- _TASK ITEM_:
Wherever a picture appears in the listing below, leave it out and reproduce the rest exactly.

- _DATASET SECTION_:
━━━━━━━━━━━━━━━━━━━━━━━━━━━━━━
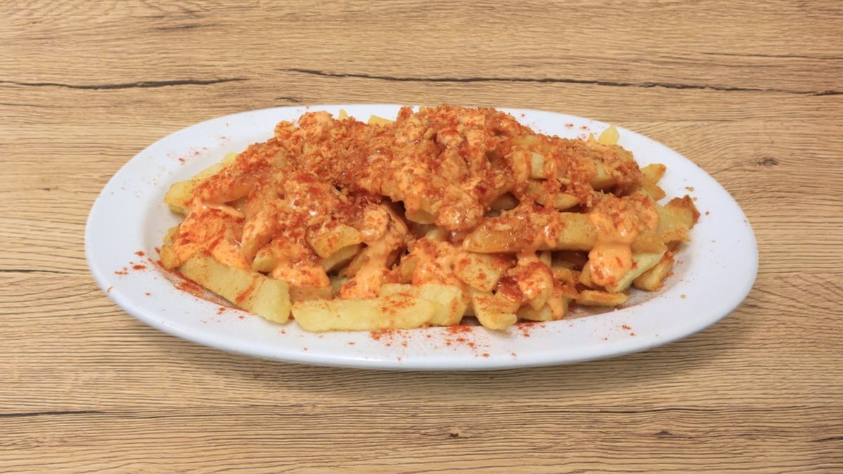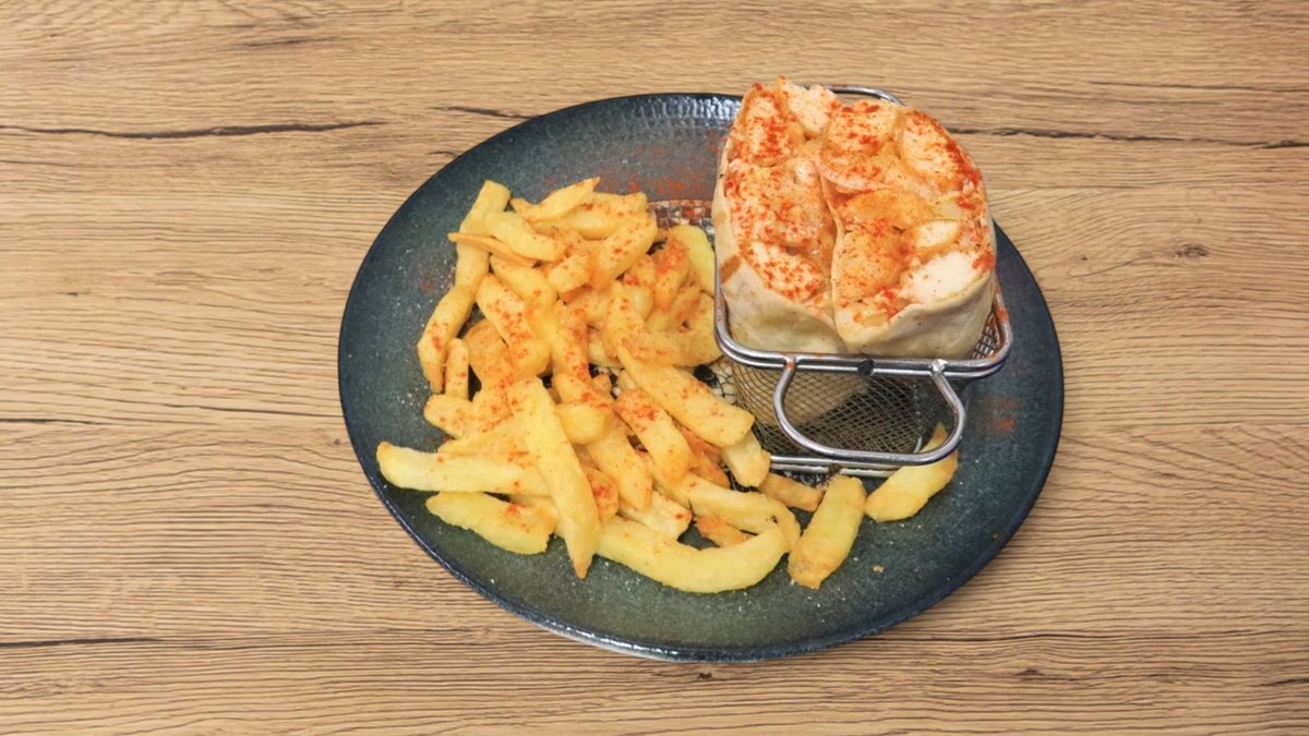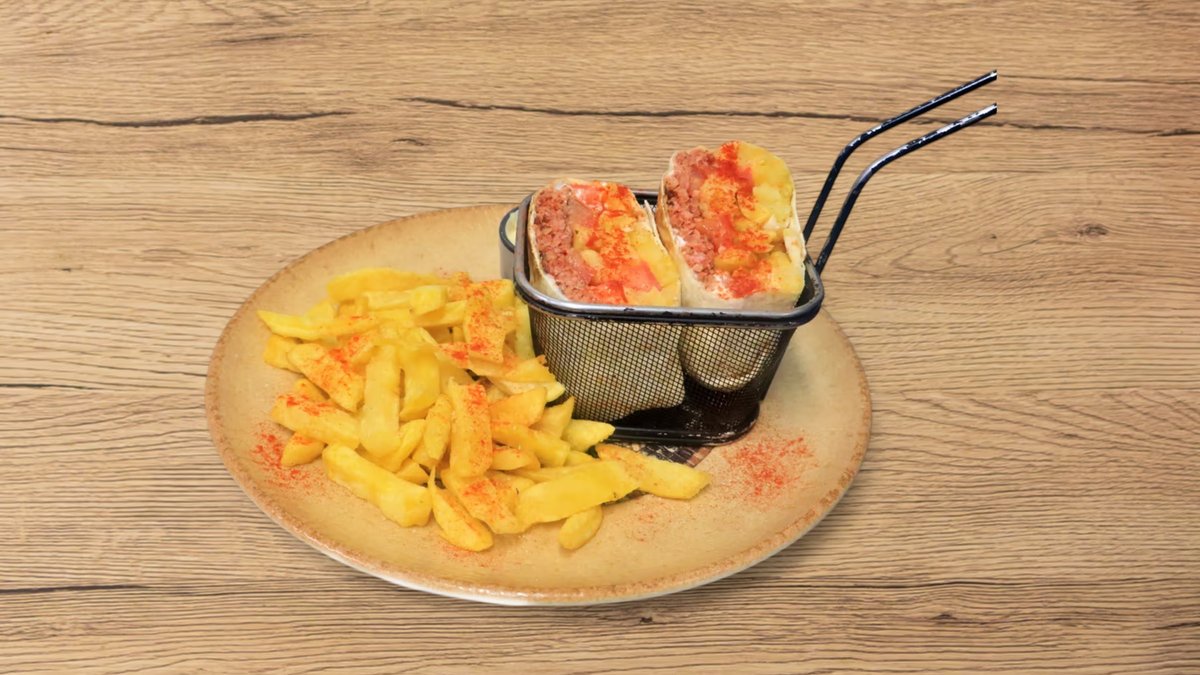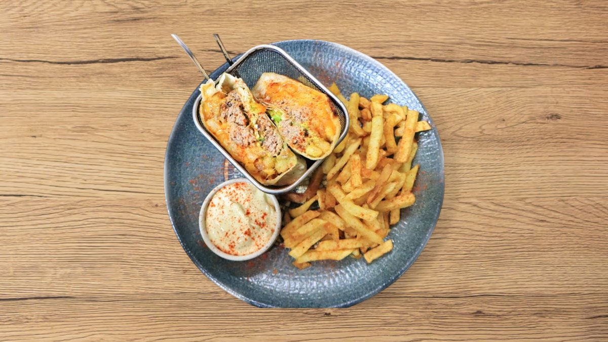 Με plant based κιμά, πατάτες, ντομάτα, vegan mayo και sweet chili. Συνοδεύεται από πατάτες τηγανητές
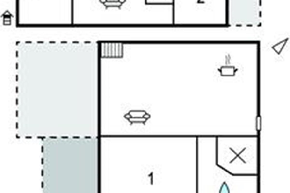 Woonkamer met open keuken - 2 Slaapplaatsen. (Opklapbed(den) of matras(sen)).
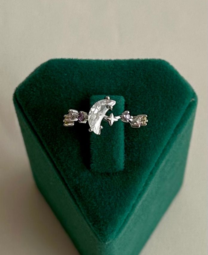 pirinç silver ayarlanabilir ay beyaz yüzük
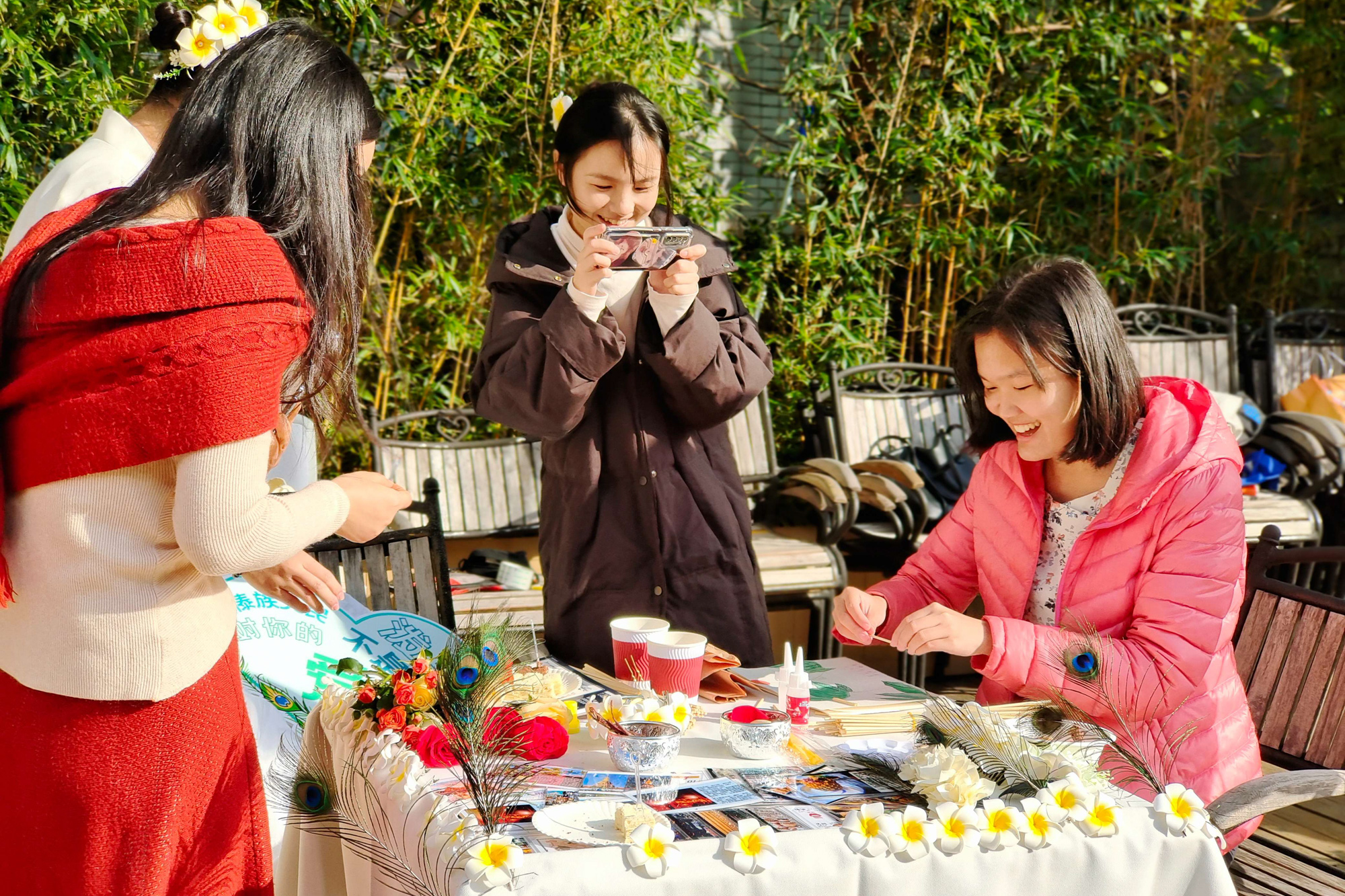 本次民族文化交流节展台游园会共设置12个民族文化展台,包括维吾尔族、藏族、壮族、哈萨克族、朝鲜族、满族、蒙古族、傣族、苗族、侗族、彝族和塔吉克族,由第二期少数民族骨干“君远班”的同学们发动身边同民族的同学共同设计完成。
━━━━━━━━━━━━━━━━━━━━━━━━━━━━━━
- _REPLY_:
 Με plant based κιμά, πατάτες, ντομάτα, vegan mayo και sweet chili. Συνοδεύεται από πατάτες τηγανητές
 Woonkamer met open keuken - 2 Slaapplaatsen. (Opklapbed(den) of matras(sen)).
 pirinç silver ayarlanabilir ay beyaz yüzük
 本次民族文化交流节展台游园会共设置12个民族文化展台,包括维吾尔族、藏族、壮族、哈萨克族、朝鲜族、满族、蒙古族、傣族、苗族、侗族、彝族和塔吉克族,由第二期少数民族骨干“君远班”的同学们发动身边同民族的同学共同设计完成。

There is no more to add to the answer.